* _WHAT THE TASK REQUIRES_
Whatever lies between the line that holds "RIKI NAIL CLIPPER" and the final line of the records below, both included, should be repeated exactly; leave out the pictures and add nothing.

* _DATA TO EXAMINE_
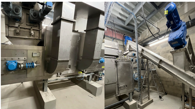
Left: Pilot dryer with feed unit and exhaust air ducts Right: Material feed via screw conveyor

Cométha is a joint innovation partnership project between SIAAP (French wastewater association) and Syctom (public operator for household waste recycling) in the Paris region, France. The companies treat the wastewater of 9 million inhabitants and treat the household waste of 6 million inhabitants. For Syctom's goal of turning waste into a resource with a sustainable circular economy , recycling routes are constantly being optimized. The Belgian engineering group John Cockerill has overall responsibility for the project as EPC contractor with the participation of SEVAR AG as subcontractor for drying.
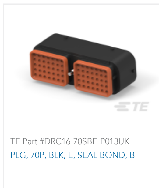
TE Part #DRC16-70SBE-P013UK PLG, 70P, BLK, E, SEAL BOND, B
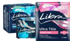
Libra Ultra Thin Regular & Super Pads with Wings
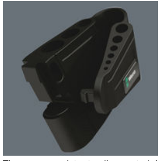
The wear-resistant clip material ensures that the L-keys are securely held yet are easy to remove.
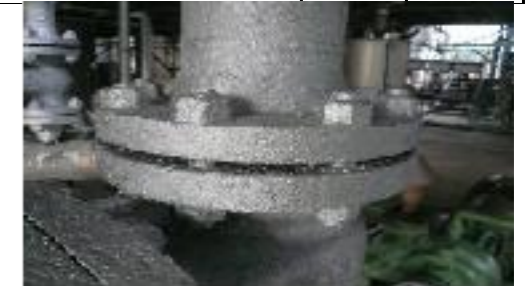
PROJECT CUI - Removal, replace of insulation and cladding and finished with industrial painting for the corroded equipment at Titan Group
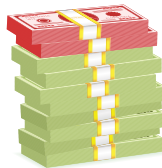
First Claim of ₹2L
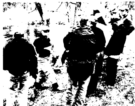
A Demo on Fun Day at Dakota
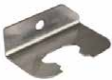
FELT HOLDER/HEAD LUBE DIA 19 FLAT CAMS F-364 | OEM: 3115364
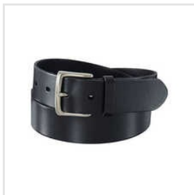
Mens Black Buff Belt
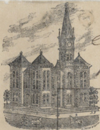
BOSQUE COUNTY COURTHOUSE.
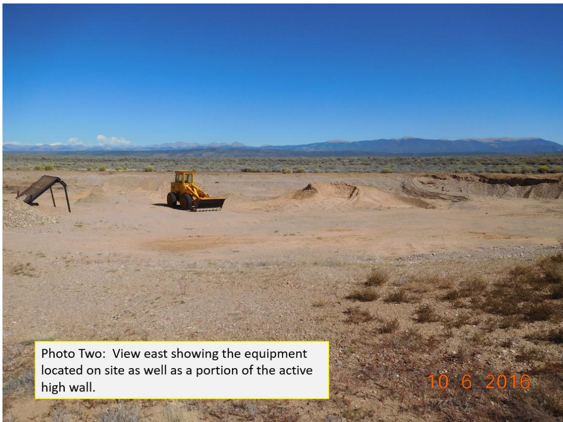
Photo Two: View east showing the equipment located on site as well as a portion of the active high wall.
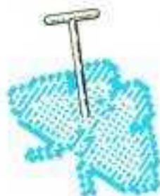
Butterfly 300 points
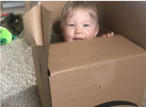
Amazon carries everything these days, right?
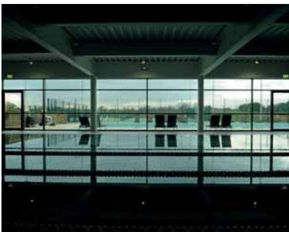
The new Exeter facility boasts indoor and outdoor swimming pools
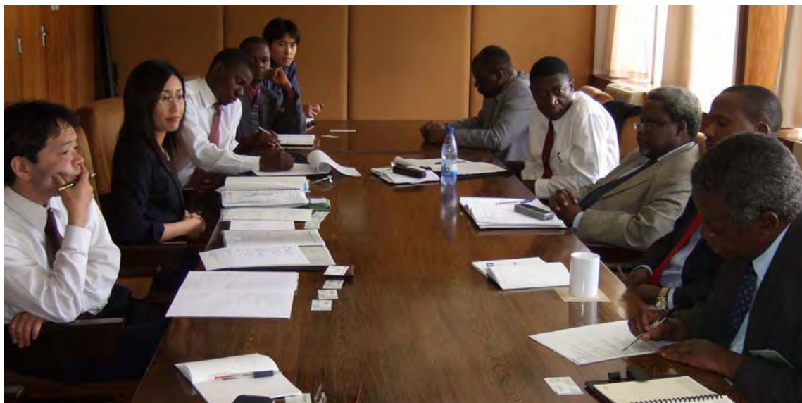
Photo 1: Meeting with ESCOM (Assistance for power sector basic study of JICA)
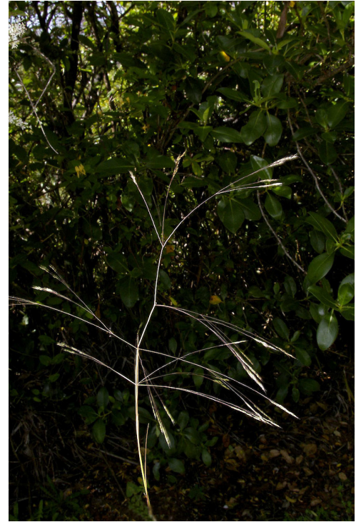
Pa Hill, Coromandel.
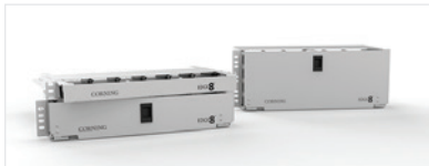
EDGE8 FX Housing
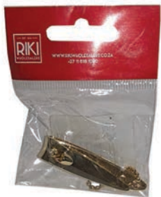
RIKI NAIL CLIPPER SMALL GOLD PRODUCT CODE: 84313
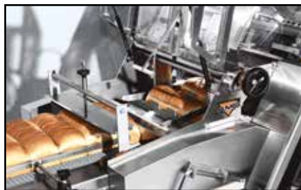
Optional Flight Pusher Infeed
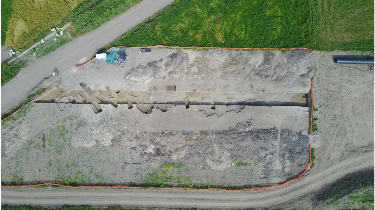
FIGURE 3. View of the excavation of the trench line (5 m wide) at the cemetery of Turan in the Korça area (southeastern Albania). The fenced area with the orange mesh is a segment of the TAP's right-of-way (48 m wide).
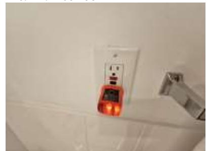
Pic. 24: Bathroom GFCI defective and needs to be replaced
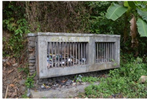
Fig. 9. Garbage Enclosure in Kampung Naga
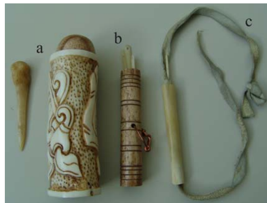
Fig. 8.: Examples of bone tubes from different periods and regions. All of them are related to the production of textiles. Bone tubes are from the collection of archaeo-textile scientist Karina Grömer (Natural History Museum, Vienna). (a) Viking Age Bone tube for needles. b) Bone tube containing bone needles from an Early Medieval cemetery. c) Inuit bone tube with a leather band through it containing a bone needle.

Although the ultimate use of bone tubes is connected to the “toiletory kit” (Branigan 1974: 31-34), only 21% contain traces of pigments ( Fig. 5., Table 1. ). Some observations show that bone tubes might have had more complex biographies. Caskey and Caskey (1960) write about the bone tube from Eutresis: “Another object of special interest is a bone tube, VIII.62, from the floor of House L. At one end it was worked into a flat tip, which shows wear from being rubbed. We do not know how it was used; probably in some simple, and perhaps obvious, step in spinning or preparing the threads or in weaving.
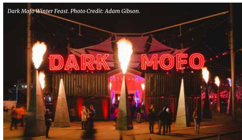
Dark Mofo Winter Feast.

Worn a puffer jacket (a Tassie Tux) to Winter Feast, and experienced Dark MOFO festival. 🐧

* _OUTPUT FOR THIS TASK_
RIKI NAIL CLIPPER SMALL GOLD PRODUCT CODE: 84313
Optional Flight Pusher Infeed
FIGURE 3. View of the excavation of the trench line (5 m wide) at the cemetery of Turan in the Korça area (southeastern Albania). The fenced area with the orange mesh is a segment of the TAP's right-of-way (48 m wide).
Pic. 24: Bathroom GFCI defective and needs to be replaced
Fig. 9. Garbage Enclosure in Kampung Naga
Fig. 8.: Examples of bone tubes from different periods and regions. All of them are related to the production of textiles. Bone tubes are from the collection of archaeo-textile scientist Karina Grömer (Natural History Museum, Vienna). (a) Viking Age Bone tube for needles. b) Bone tube containing bone needles from an Early Medieval cemetery. c) Inuit bone tube with a leather band through it containing a bone needle.

Although the ultimate use of bone tubes is connected to the “toiletory kit” (Branigan 1974: 31-34), only 21% contain traces of pigments ( Fig. 5., Table 1. ). Some observations show that bone tubes might have had more complex biographies. Caskey and Caskey (1960) write about the bone tube from Eutresis: “Another object of special interest is a bone tube, VIII.62, from the floor of House L. At one end it was worked into a flat tip, which shows wear from being rubbed. We do not know how it was used; probably in some simple, and perhaps obvious, step in spinning or preparing the threads or in weaving.
Dark Mofo Winter Feast.

Worn a puffer jacket (a Tassie Tux) to Winter Feast, and experienced Dark MOFO festival. 🐧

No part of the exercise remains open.